Picture the following situation:
You are in a nice restaurant. The food is really good and the service is amazing. Your experience is really pleasant, but something is still bothering you, something you can’t exactly put your finger on. Then you realize that the color of the walls might not be right, the position of the tables or the spacing between the tables is off.
What does it mean?
Even if the basic services were good, had this same restaurant invested in the visual details, the place would probably be more comfortable. It could be the difference that would make you return on other occasions.
So, how the heck is this related to Digital Design?
In the evolution of design, we learned that Design Thinking must be done according to user needs, and how important functionality is. Together with that thought, came the need to invest a lot more time and money in the functional part of the experience. This is understandable and the right thing to do, but we can’t forget that visual elements are also part of the experience.
To answer this question, we have to stop and reflect about everything that makes a project complete – from the very beginning, until its launch to the users.
When digital design began to be valued and appreciated, the focus was initially on how it looked and how attractive it was. With the development of Design Thinking, in general, we realized that pure aesthetics on a platform weren’t enough to fill the needs of clients and users.
In the Mobile Age which we live in, we must be faster, clearer and straight to the point with our intentions when presenting a digital product to users; efficiency really can make the difference between the user staying or leaving the environment. Functionality and efficiency have been the great focus, and certainly it is a great achievement, but what happens when we neglect the aesthetic factor?
Do you remember the little story about the restaurant I told you at the very beginning of this article? Everybody likes to stay in a beautiful place, right? Because it is more comfortable, it is relaxing. Consciously and subconsciously, people care about aesthetics, about colors, sizes, patterns, and even ‘fluffiness’. It is a human thing. We like beautiful stuff.
The relation to this aesthetic care in the digital environment could be translated into some examples, such as when there are good patterns on spacing and alignment rules, typography choice, color scheme, image treatment, iconography and illustrations style and so on. Long story short, there must be a good and consistent design system. When these points are not well executed, it can cause one of the worst kind of bad experiences for the users: when they feel that something is wrong, but they don’t exactly know what it is. That is indeed frustrating.
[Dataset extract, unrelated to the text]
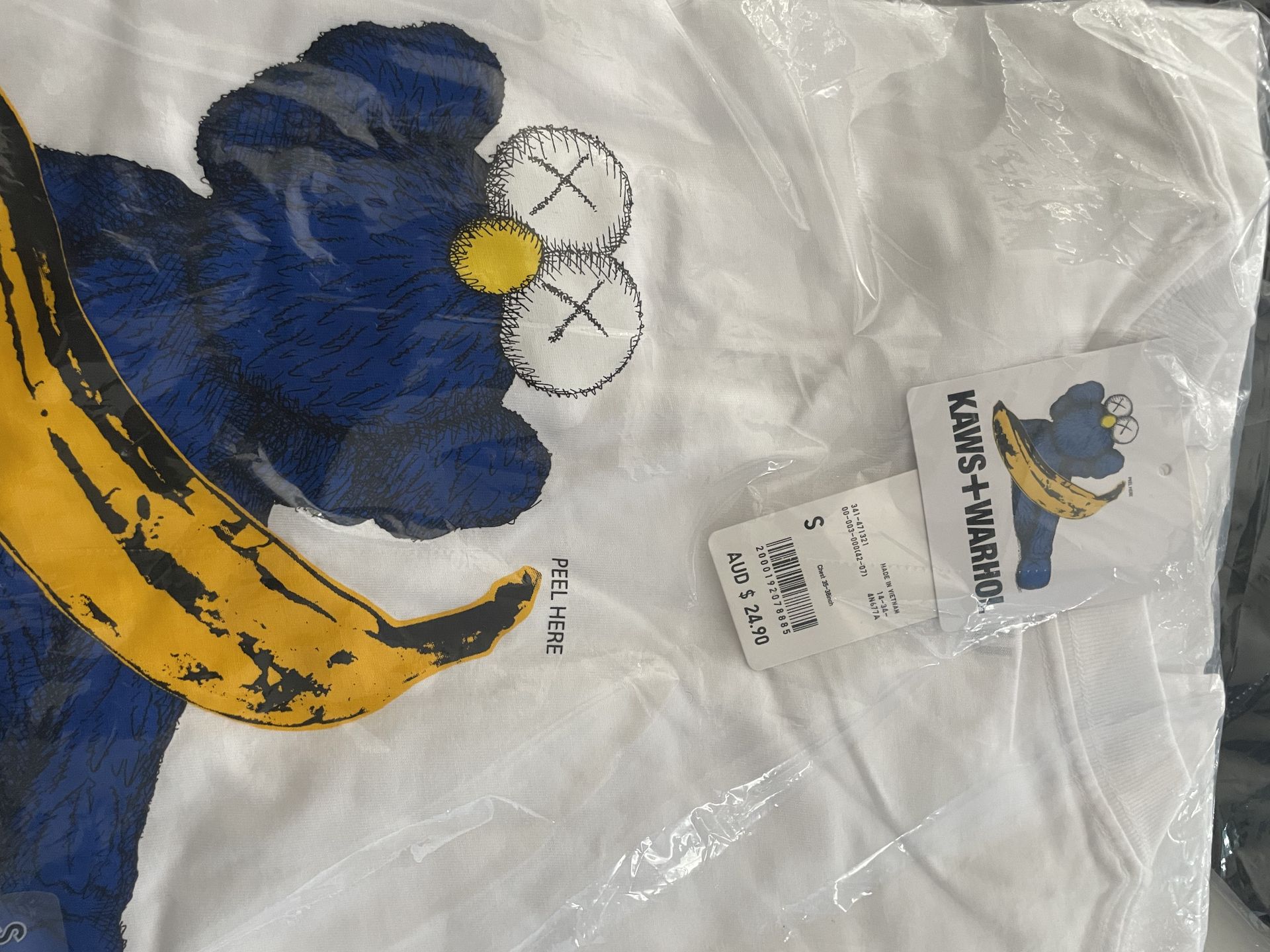 New Uniqlo KAWS Warhol UT graphic tee. Has the blue Kaws Companion holding a banana design. Size S, still in original package with tags. Cool shirt for a KAWS or Warhol fan!

A good example of a product (well, rather a service) which has both the function and the visual well combined is AirBnb.
When we analyze and experience AirBnb we realize why it is a reference today. The brand has its own design system, a consistent and good visual representation on different platforms plus great functionality in an attractive service. That combination makes the user explore longer.
In the story of AirBnb’s success, aesthetics played a big role. Back in 2009, while trying to understand why they weren’t growing, they noticed a pattern on their listing: bad homemade photos ineffectively described what people would pay for. Then, the three founders went to New York, and upgraded the old pictures with beautiful high-resolution ones with a rented camera. This was a turning point for the company. It doubled their weekly revenue.
The Other Way Around
Of course, the aesthetic factor will not solve all the problems by itself. As I mentioned before in the restaurant’s story, it wouldn’t work properly if the environment was beautiful and comfy, but the food and services were awful. The visual design needs to have a purpose. It can’t just be decorative or something that the designer likes personally. The main role of a good visual designer is to be ‘the bridge’ connecting the business needs, user needs and the aesthetic factor to build something attractive and functional.
In the end, we need to consider the explicit (functional) and the implicit (visual) factors in order to create a well-rounded experience.
What really matters for the sake of the final product, it neither needs to be useless to be beautiful nor ugly to be functional.
Aesthetics and functionality should walk side by side. Some companies, studios, and designers care only about the functionality and launch their products with the ‘minimum acceptable visual’, with an interface not ugly, but also not nice. Refined visual, could transform the product from something regular to something outstanding.